Et puis, surtout, autant Toute première fois est assez sérieux en ce qui concerne les sentiments amoureux, autant il est très drôle. Charles (Franck Gastambide), l’associé de Jérémie est tout délicieusement à côté de ses pompes, à la fois séducteur et terriblement maladroit avec les femmes. Clémence (Camille Cottin) en comptable frustrée ne sachant pas dévoiler ces sentiments est irrésistible. Alors que Charles n’y comprend rien, celle-ci devient exécrable, rappelant son rôle dans la série Connasse. Le meilleur ami d’Antoine et Jérémie, Nounours (Sébastien Castro), peintre de son état, homosexuel également, entretient une passion pour les vagins qu’il peint sous toutes les formes. Génial en tant qu’artiste sensible, voire trop sensible, le regard des autres personnages sur son travail donne des situations bien cocasse. La palme du second degré est décerné à Frédéric Pierrot et Isabelle Candelier (vu dans Bon rétablissement !) qui interprète les parents de Jérémie. Une scène à table, où il avoue avoir trompé Antoine avec une femme, vire au grand n’importe quoi et fait tomber les masques, quoique les révélations de ses parents mais également de sa sœur Sarah (Nicole Ferroni qui anime de très bonne chronique sur France Inter) ont de quoi surprendre, entretenant le côté décalé du film. N’oublions pas l’excellente scène de sérénade sur J’ai encore rêvé d’elle de Il était une fois dont je ris encore à l’écriture de ces lignes.
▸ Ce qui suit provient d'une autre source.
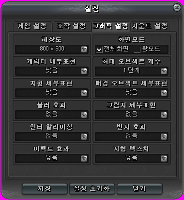 일단 다 최하옵으로, 해상도는 시작하기 전에 정해야 됩니다.

Courez-voir Toute première fois sur grand écran avant qu’il ne soit trop tard. Le film est un pied de nez réjouissant à la manif pour tous, prenant un train d’avance et la ringardisant encore un peu plus. À l’instar de La vie d’Adèle, Toute première fois prouve que l’on peut parler d’Amour et faire de très beaux, voir de très amusants films, peut importe la composition du couple à l’écran. L’Amour n’a pas de genre.